» Record extracts:
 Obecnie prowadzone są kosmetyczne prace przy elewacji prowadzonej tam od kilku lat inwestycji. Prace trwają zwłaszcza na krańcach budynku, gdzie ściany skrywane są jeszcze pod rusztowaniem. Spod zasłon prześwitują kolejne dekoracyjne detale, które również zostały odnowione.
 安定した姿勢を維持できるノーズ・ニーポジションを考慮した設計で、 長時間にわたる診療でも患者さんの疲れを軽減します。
==
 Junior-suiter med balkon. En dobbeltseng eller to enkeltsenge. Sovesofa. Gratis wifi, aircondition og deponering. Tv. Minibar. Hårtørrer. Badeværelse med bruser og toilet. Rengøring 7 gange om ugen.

» What you need to do: In the listing above, find the line with "Obecnie prowadzone są" and the line with "安定した姿勢を維持できるノー"; set down exactly those two lines and every line between them, nothing more.

» Exercise solution:
 Obecnie prowadzone są kosmetyczne prace przy elewacji prowadzonej tam od kilku lat inwestycji. Prace trwają zwłaszcza na krańcach budynku, gdzie ściany skrywane są jeszcze pod rusztowaniem. Spod zasłon prześwitują kolejne dekoracyjne detale, które również zostały odnowione.
 安定した姿勢を維持できるノーズ・ニーポジションを考慮した設計で、 長時間にわたる診療でも患者さんの疲れを軽減します。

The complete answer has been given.